Lee isn't suggesting everyone needs to conduct a full literature review before discussing science or deciding what to eat. But he's asking for something more modest: a little humility about the limits of your own knowledge and a realistic sense of what the scientific community actually understands. Don't remake your life based on one study, even if your cousin insists. Science builds slowly, across years and many voices, each study a small contribution to something larger than itself.
Notable Quotes
Scientific knowledge is constantly being refined as new information comes to light.— Jeffrey A. Lee, geographer and science educator
Don't make life-altering decisions based on an article describing one scientific study.— Jeffrey A. Lee
The Hearth Conversation Another angle on the story
Why does one study feel so convincing when we read about it, even though you're saying it's not the whole picture?

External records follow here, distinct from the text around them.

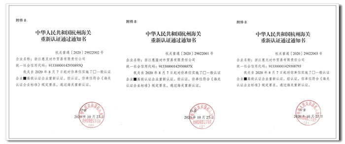 日前,公司下屬浙江惠元對外貿(mào)易有限責任公司、浙江惠靈對外貿(mào)易有限責任公司、浙江惠隆對外貿(mào)易有限責任公司收到了杭州海關(guān)簽發(fā)的《重新認證通過通知書》,成為今年杭州關(guān)區(qū)首批通過AEO高級認證重新認證的企業(yè)。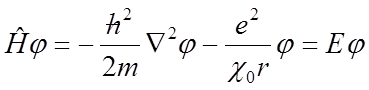 Najprostszym układem jest atom wodoru. Ponieważ ładunek jądra jest równy e, a ładunek elektronu –-e. Elektron porusza się w przestrzeni trójwymiarowej i jego energia kinetyczna wynosi ½m(vx2 + vy2 + vz2). Energia potencjalna jest równa –e2/χ0r, gdzie r jest odległością elektronu od jądra. W takim wypadku równanie falowe ma postać: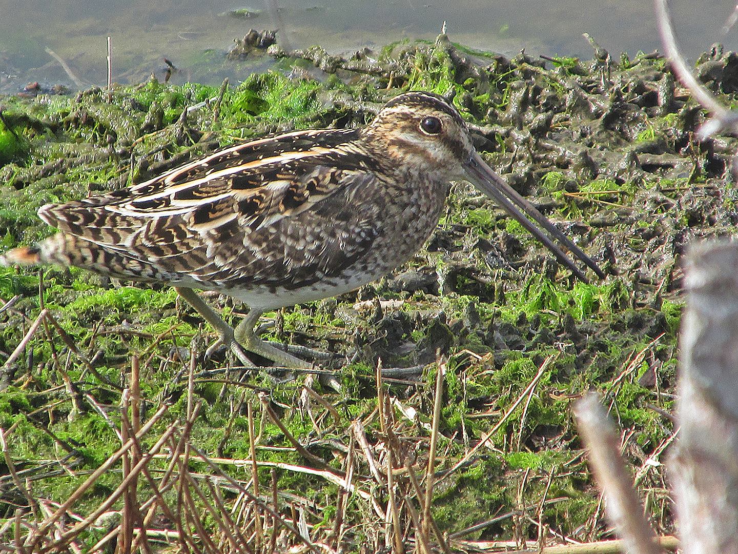 The Wilson’s snipe uses its long bill to probe in the mud for prey, which can include earthworms, insects and other invertebrates.

Because it's presented as news—as something new and definitive. A headline says "Study Shows X" and our brains treat that like a fact. But a study is really just one person or team asking one question in one way. It's a data point, not a conclusion.
So when should someone actually change their behavior based on research?
When the evidence has accumulated across many studies, when experts in that field agree, and when the findings have held up over time. That takes years, sometimes decades. It's not dramatic, but it's how we know what we actually know.
What about the peer review process? Doesn't that guarantee a study is correct?
It raises the odds, but no. Peer review catches obvious problems and filters out the worst work. But honest mistakes slip through. Experimental designs have blind spots. And peer review is only as good as the journal doing it—some journals will publish almost anything if you pay them.
How do you know which experts to trust?
Look for people who've spent years in the field, who update their views as evidence changes, and who don't have a financial stake in the answer. Be suspicious of anyone selling you something or pushing one particular conclusion too hard.
Is there a shortcut for people who don't have time to understand all this?
Find a good journalist or healthcare provider who understands how science works and can put new findings in context. But even that requires some judgment on your part about who's trustworthy.